The main execution body of the method is a head-wearing device, the head-wearing device is provided with an electromyographic signal acquisition device shown in fig. 2, when a user wears the head-wearing device on the head, the electromyographic signal acquisition device can be attached to the surface of facial muscle near the mouth of the user, the electromyographic signal acquisition device mainly comprises a sensor attached to the periphery of the mouth, and an acquisition part belongs to a mouth muscle group driven during speaking and is used for acquiring facial electromyographic information of the user in real time. The headset is further provided with a voice collecting device which can be a microphone, and when a user wears the headset on the head, the voice collecting device is located right near the mouth of the user and used for collecting voice information when the user speaks. The head-mounted equipment is also provided with a micro camera which is arranged on the voice acquisition device, and when a user wears the head-mounted equipment on the head, the micro camera is just aligned with the lip area of the user and is used for shooting the lip area of the user to obtain the lip image information of the user. In the embodiment of the present application, the head-mounted device may be designed in a manner similar to an earphone as shown in fig. 3, and the electromyographic signal collecting device shown in fig. 2 and the headset structure shown in fig. 3 may also be embedded in a helmet, wherein the headset shown in fig. 3 comprises a microphone and a micro-camera wound on the microphone.
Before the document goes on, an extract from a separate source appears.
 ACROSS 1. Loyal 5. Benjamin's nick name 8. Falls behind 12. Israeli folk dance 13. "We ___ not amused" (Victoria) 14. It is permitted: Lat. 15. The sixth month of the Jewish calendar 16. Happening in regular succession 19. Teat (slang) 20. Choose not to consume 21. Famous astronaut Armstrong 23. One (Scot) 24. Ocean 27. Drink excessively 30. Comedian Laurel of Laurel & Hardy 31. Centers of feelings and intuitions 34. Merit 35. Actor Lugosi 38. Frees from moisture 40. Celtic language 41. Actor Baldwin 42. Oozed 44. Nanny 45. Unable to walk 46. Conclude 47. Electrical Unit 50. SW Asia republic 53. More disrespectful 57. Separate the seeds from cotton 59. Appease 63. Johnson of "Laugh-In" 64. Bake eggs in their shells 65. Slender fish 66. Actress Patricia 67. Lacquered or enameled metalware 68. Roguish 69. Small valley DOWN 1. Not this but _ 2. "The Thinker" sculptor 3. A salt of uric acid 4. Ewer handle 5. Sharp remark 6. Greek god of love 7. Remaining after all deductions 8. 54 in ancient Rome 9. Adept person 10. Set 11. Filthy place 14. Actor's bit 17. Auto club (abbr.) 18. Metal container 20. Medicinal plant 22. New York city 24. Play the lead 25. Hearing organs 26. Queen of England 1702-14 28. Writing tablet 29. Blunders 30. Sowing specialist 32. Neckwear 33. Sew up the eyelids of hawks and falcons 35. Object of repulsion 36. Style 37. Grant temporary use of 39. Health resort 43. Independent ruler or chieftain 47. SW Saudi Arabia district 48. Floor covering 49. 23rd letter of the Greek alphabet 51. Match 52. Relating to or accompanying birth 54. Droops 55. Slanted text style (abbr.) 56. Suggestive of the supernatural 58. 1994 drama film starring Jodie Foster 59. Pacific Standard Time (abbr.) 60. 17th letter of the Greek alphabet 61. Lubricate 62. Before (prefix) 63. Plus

In the embodiment of the application, the micro camera only collects the picture information of the fixed area of the lips of the user, but not collects the head image of the user, so that the preprocessing steps of positioning the lips, cutting the image and the like in the head image can be omitted, and the operation process of the system is accelerated.
Step 102: and determining model parameters corresponding to the current environment through a pre-trained environment evaluation model according to the voice information, the lip image information and the face myoelectric information.
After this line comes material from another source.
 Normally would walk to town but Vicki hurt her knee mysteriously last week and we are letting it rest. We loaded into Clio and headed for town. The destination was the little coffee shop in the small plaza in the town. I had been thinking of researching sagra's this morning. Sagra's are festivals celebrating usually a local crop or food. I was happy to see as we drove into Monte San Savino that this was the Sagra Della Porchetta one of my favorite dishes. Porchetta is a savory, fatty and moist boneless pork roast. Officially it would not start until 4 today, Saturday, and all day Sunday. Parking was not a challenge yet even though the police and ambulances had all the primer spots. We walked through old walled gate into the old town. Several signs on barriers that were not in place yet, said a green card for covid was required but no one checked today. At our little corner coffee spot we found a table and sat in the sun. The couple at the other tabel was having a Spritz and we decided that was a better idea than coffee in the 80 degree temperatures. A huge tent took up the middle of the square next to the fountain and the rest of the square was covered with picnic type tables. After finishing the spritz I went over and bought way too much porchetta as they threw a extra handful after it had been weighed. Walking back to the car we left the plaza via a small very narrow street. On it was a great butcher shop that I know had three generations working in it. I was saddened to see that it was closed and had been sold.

Before step 102 is executed, in the embodiment of the present application, voice information, lip image information, and facial myoelectric information of a large number of users are acquired in different environments, where the different environments include a noisy environment, and the like. And dividing different data sets according to different magnitudes according to the signal-to-noise ratio of the voice information, the brightness of the lip image information and the intensity of the facial myoelectric information. And carrying out model training according to different data sets, determining model parameters under different environments, and obtaining an environment evaluation model.
And then, according to the voice information, the lip image information and the face electromyogram information which are acquired in the step 101, carrying out environment evaluation through the environment evaluation model, and determining a model parameter corresponding to the current environment.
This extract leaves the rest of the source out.